---
name: fraud-investigation-data-consolidator
description: Investigates a suspicious transaction by gathering all related data from a BigQuery analytics dataset, consolidating it into a structured JSON format, and triggering alert workflows.
---
# Instructions

Execute the following steps to investigate a suspicious transaction. The primary goal is to create a comprehensive data snapshot for a given `transaction_id` and trigger the required alerting and archiving workflows.

## 1. Initial Setup & Discovery
*   **Input:** You will be given a specific `transaction_id` (e.g., `T8492XJ3`).
*   **First, confirm the target dataset and storage buckets exist.**
    *   Use `google-cloud-bigquery_get_dataset_info` to verify the `transactions_analytics` dataset is accessible.
    *   Use `google-cloud-storage_list_buckets` to locate the archive bucket (name prefixed by `mcp-fraud-investigation-archive-`) and the log bucket (name prefixed by `Trading_Logging-`). Note their exact names.

## 2. Schema Exploration & Data Querying
*   **Discover all tables** in the `transactions_analytics` dataset using `google-cloud-bigquery_run_query` on the `INFORMATION_SCHEMA.TABLES` view.
*   **For the target transaction, query data from two primary sources:**
    1.  `live_transactions` table: Get the full record for the given `transaction_id`. This record contains key foreign IDs (`user_id`, `account_id`, `merchant_id`, `card_id`, `device_id`, `location_id`).
    2.  `fraud_alerts` table: Check for any existing alerts for this `transaction_id`.
*   **Using the IDs from the `live_transactions` record, query all related dimension tables:**
    *   `users` (by `user_id`)
    *   `accounts` (by `account_id`)
    *   `merchants` (by `merchant_id`)
    *   `cards` (by `card_id`)
    *   `devices` (by `device_id`)
    *   `locations` (by `location_id`)
    *   `risk_scores` (by `user_id`)
    *   `blacklist` (Check if any of the IDs `user_id`, `account_id`, `card_id`, `device_id`, or `merchant_id` appear in the `value` column. Note: The `blacklist` table schema uses `entity_id`, `entity_type`, `value`).
*   **Find related transactions:** Query the `live_transactions` table for all other transactions by the same `user_id`, excluding the target `transaction_id`. Order by `timestamp DESC` and limit results appropriately (e.g., 1000).

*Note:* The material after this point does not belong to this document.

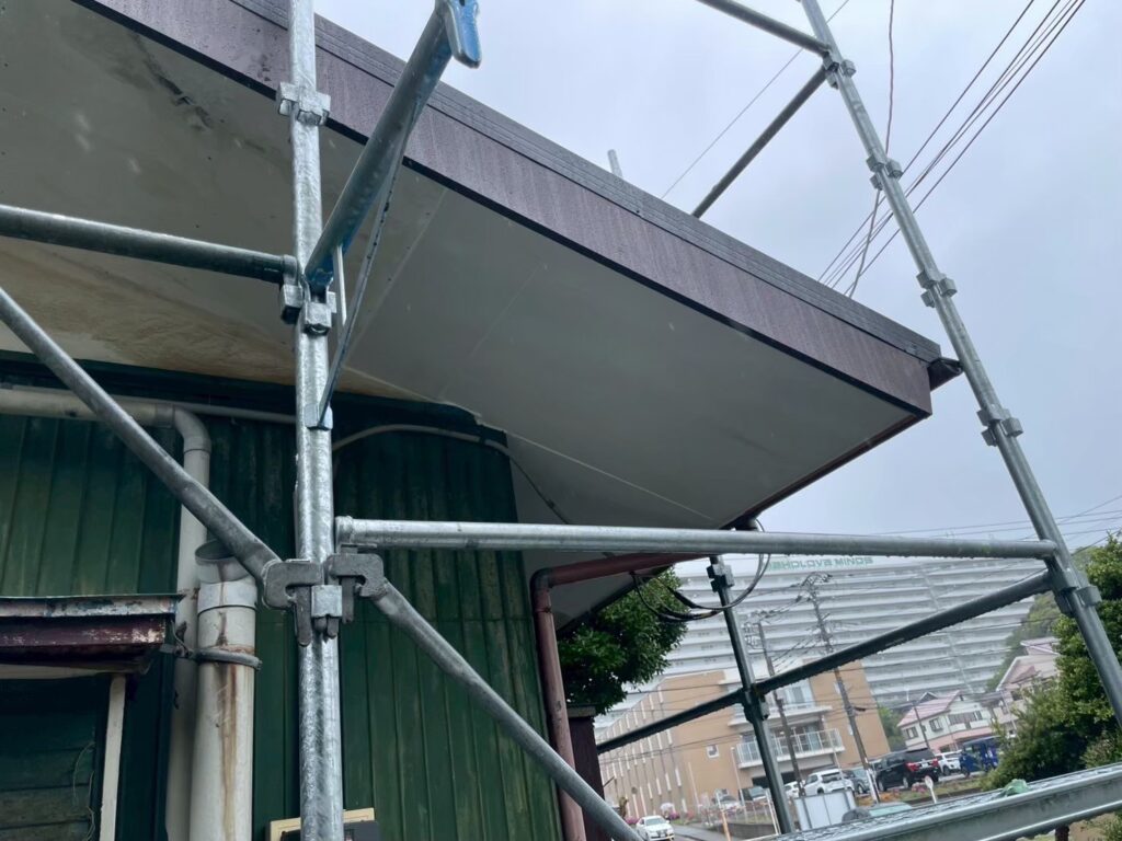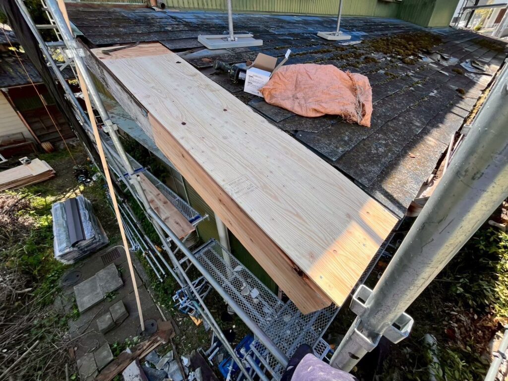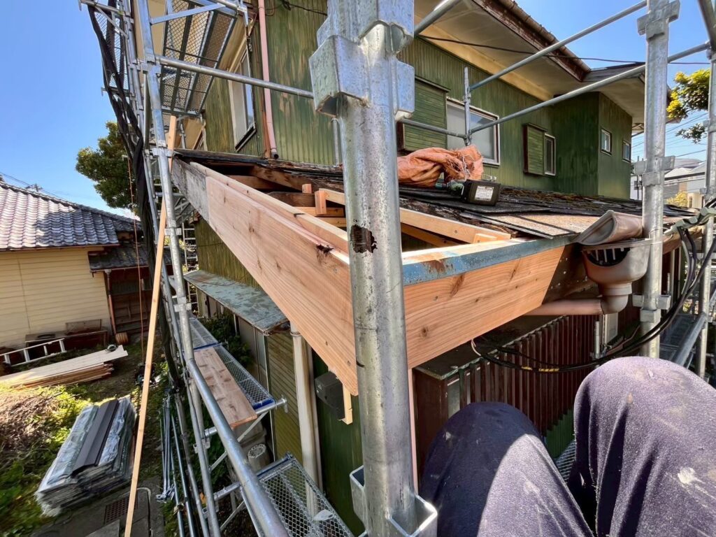 | 仮設足場設置 野地板まし張りカバー工法(大屋根・下屋根) 軒天張替え(一部) 破風板交換(一部) |

## 3. Data Consolidation & JSON Creation
*   **Structure the final JSON object** with the following keys. Convert Python objects (like `datetime`, `list`, `dict`) to JSON-serializable strings (ISO format for dates, proper JSON arrays/objects).
    *   `live_transactions`: The main transaction record.
    *   `fraud_alerts`: The associated alert record (if any).
    *   `users`, `accounts`, `merchants`, `cards`, `devices`, `locations`, `risk_scores`, `blacklist`: The related dimension data.
    *   `related_transactions`: An **array** containing the other transactions for the user.
*   **Save the JSON file** locally to the workspace using `filesystem-write_file`. Name the file `<transaction_id>.json` (e.g., `T8492XJ3.json`).

## 4. Archiving & Alerting
*   **Upload the JSON file** to the identified archive storage bucket using `google-cloud-storage_upload_file`. Use the `transaction_id` as the blob name.
*   **Write a CRITICAL log entry** to the identified logging bucket using `google-cloud-logging_write_log`.
    *   **Log Name:** Use the full name of the log bucket (e.g., `Trading_Logging-e877351c7447`).
    *   **Severity:** `CRITICAL`
    *   **Message/Payload:** A JSON string with the exact structure: `{"alert_type": "Fraud", "transaction_id": "<TRANSACTION_ID>", "status": "Pending_Investigation"}`

## Key Considerations
*   **Error Handling:** If a query for a specific table returns no data, include an empty object `{}` for that key in the final JSON.
*   **Data Types:** Pay special attention to serializing complex fields (flags, velocity_checks, etc.) from the `live_transactions` table from stringified JSON to proper JSON objects/arrays in the output.
*   **Bucket Names:** The archive and log bucket names are dynamic (with unique suffixes). Always list buckets first to confirm their exact names.
*   **Logging:** The log write must happen *after* successful archiving. The log entry is new and independent of any existing logs in the bucket.